Diamond agreed with that interpretation. “Since PART lacks Aβ pathology, the fact that PART and AD have the same structure suggests that Aβ might play a role in accelerating the progression of tauopathy, rather than simply triggering the AD fibril conformation,” he wrote to Alzforum. 

For the CTE fold, Scheres, Goedert, and Diamond all speculated that it might form in response to specific types of inflammation. Scheres and Goedert added that so far, inclusions of CTE-tau have always been found in the second and third layers of the cortex.

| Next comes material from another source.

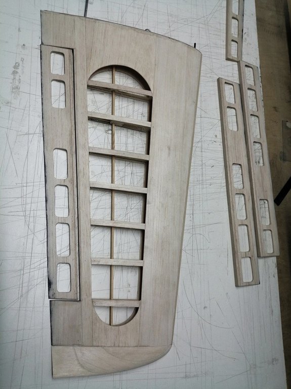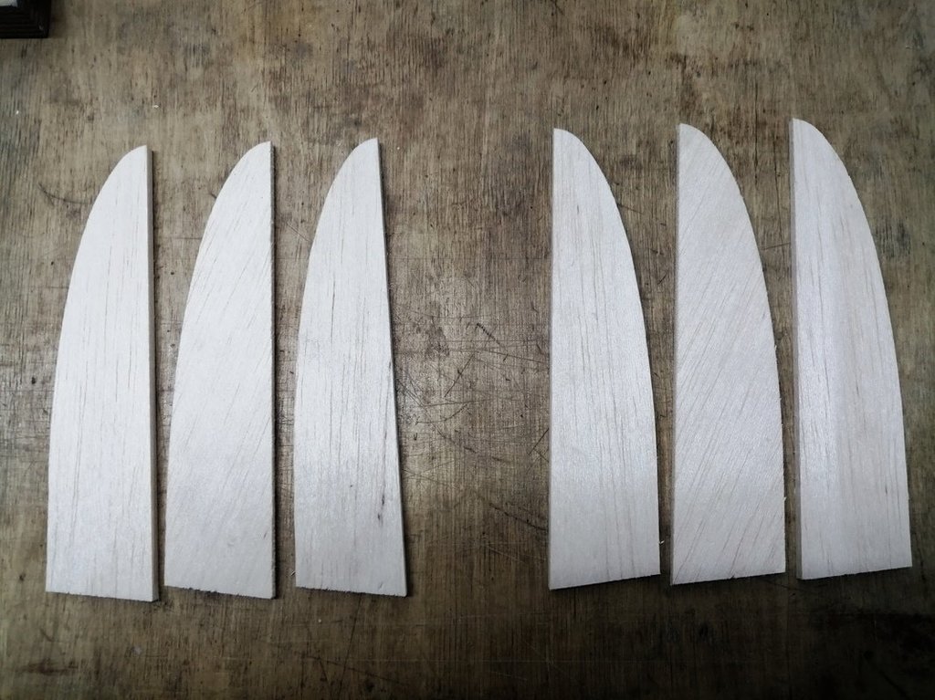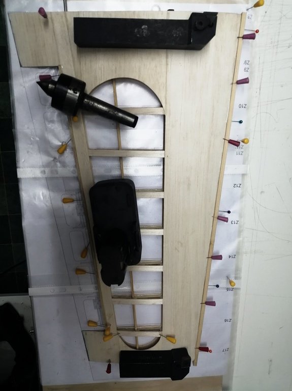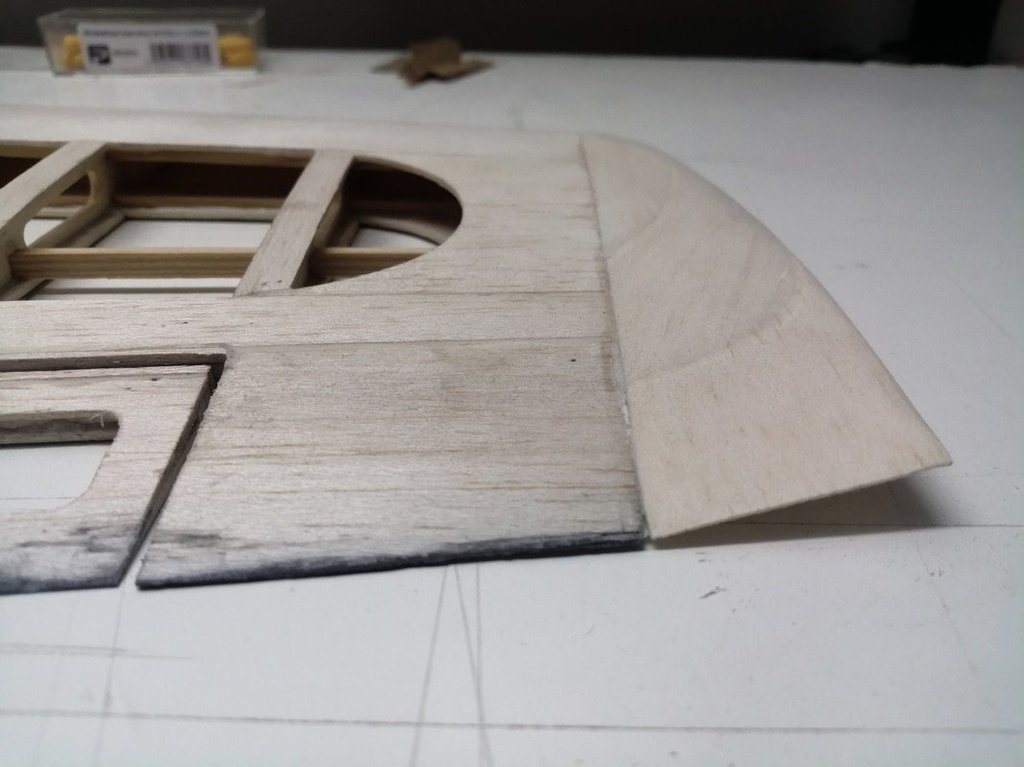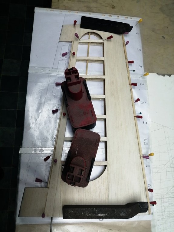 Prace trwają. Obróbka uszu - przeszlifowane listwy (lipowe krawędzie natarcia, balsowe listwy mocowania lotek oraz listwy lotek). Wklejone przy pomocy ,,drobnego,, przyrządu ustalającego dokładny kąt i powierzchnię przyłożenia końcowe - zamykające, sklejkowe żebra ucha. Wstępnie przygotowane balsowe końcówki uszu.

How can different clinical syndromes, such as AD and FTD, arise from the same fold? Scheres and Goedert offered no easy answers to that one. However, this might make development of PET tracers a little easier, since these tend to be conformation-specific, meaning those that work for AD might also work for MAPT-V337M carriers with FTD, as well as people with PART, FBD, and GSS. Tau immunotherapies may be more versatile, since most are not conformation-specific, Scheres and Goedert noted, meaning they might recognize several conformers of tau. However, because antibodies only access the tiny fraction of tau fibrils mingling outside of cells, they favor a blanket tau takedown approach, such as antisense oligonucleotide therapy.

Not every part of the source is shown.